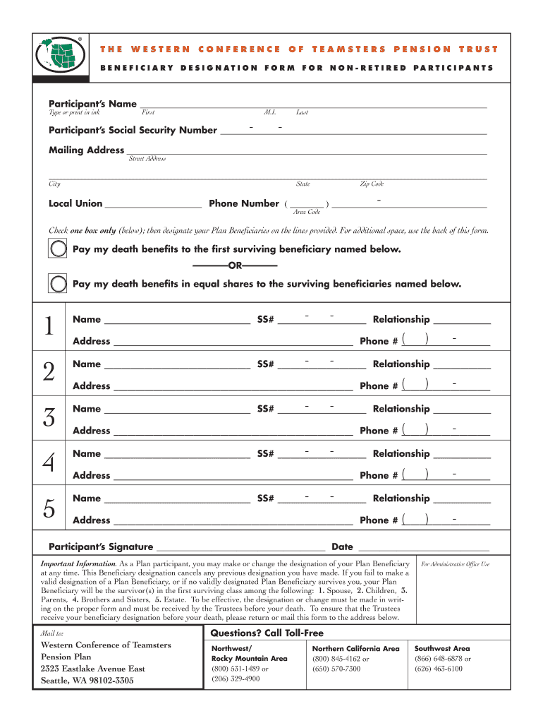THE WESTERN BENEFICIARY CONFERENCE D E S I G N AT I O N OF FORM TEAMSTERS FOR PENSION RETIRED TRUST PA RT I C I PA N T S Participants Name Type or print in ink First M.I. Last Participants Social
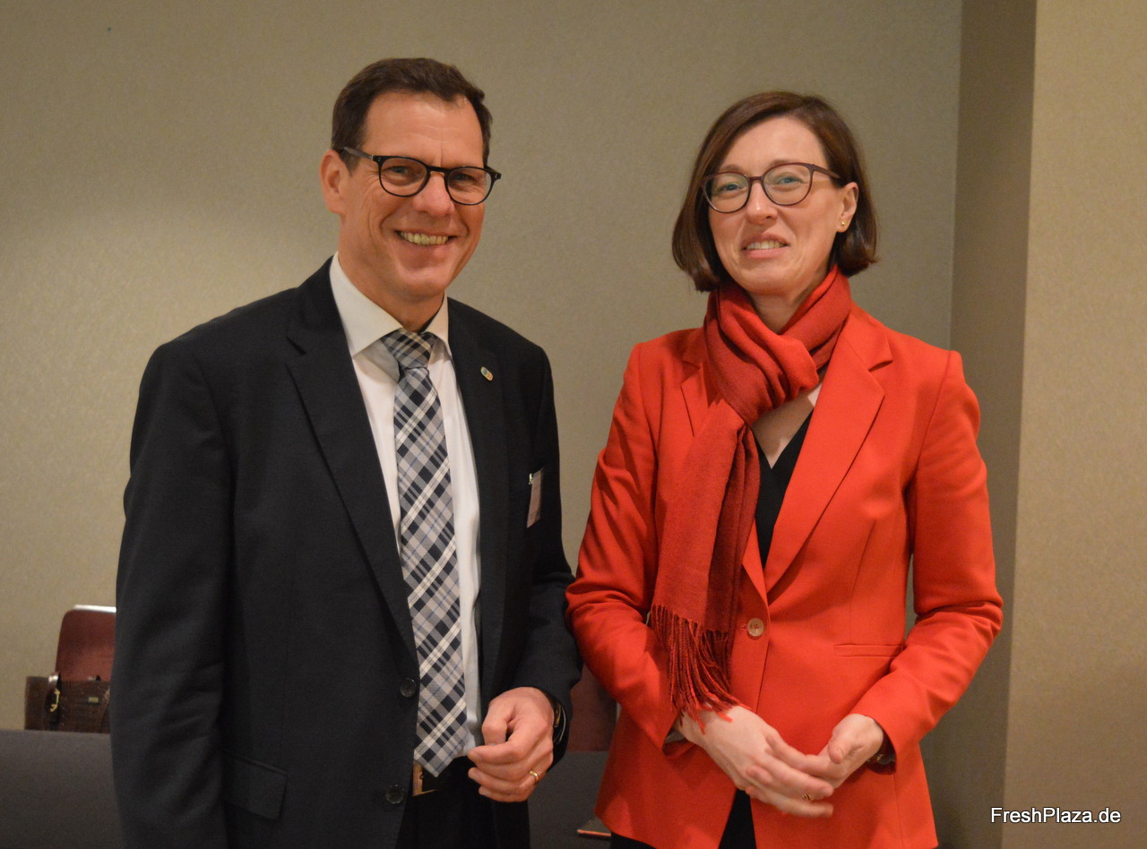Carine Lassalle und Harry Albus (ANCI) vermarkten innovative Zwiebel- und Kartoffelbeutel.
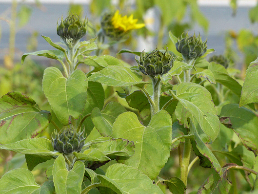 ヒマワリのなかにはまだ蕾もたくさんあって、冬のヒマワリは夏のものより開花時期が長いそうだから当分は楽しめそうだね、
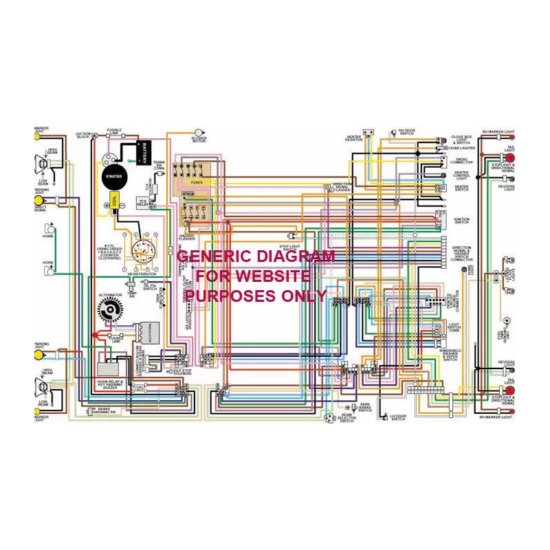 manuals, this diagram is the solution! Since 2001 we have offered the restoration hobby our laminated wiring diagrams in full color for 30's 40's 50's 60's & 70's cars and trucks (up to 81 on certain vehicles). We are always adding other years, makes and models to our inventory, and currently carry close to a thousand different diagrams. Being car enthusiasts ourselves, we understand how our product is used, and how important clarity and accuracy are. All information and color coding is from the original shop and service manuals. For example: if your car has a green wire, the circuit will be represented by a green line. Tracers are also shown if applicable. The diagrams show all of the basic components and connectors in the car per the original specs. We are constantly adding cars to our database. If it is not listed, we can probably create it for you, in most cases within a few weeks. Just send us a quick note

* [TASK INSTRUCTIONS] In the listing above, find the line with "Carine Lassalle und" and the line with "ヒマワリのなかにはまだ蕾もた". Transcribe those two and everything between, exactly, leaving out pictures.

* [RESULT OF THE TASK]
Carine Lassalle und Harry Albus (ANCI) vermarkten innovative Zwiebel- und Kartoffelbeutel.
 ヒマワリのなかにはまだ蕾もたくさんあって、冬のヒマワリは夏のものより開花時期が長いそうだから当分は楽しめそうだね、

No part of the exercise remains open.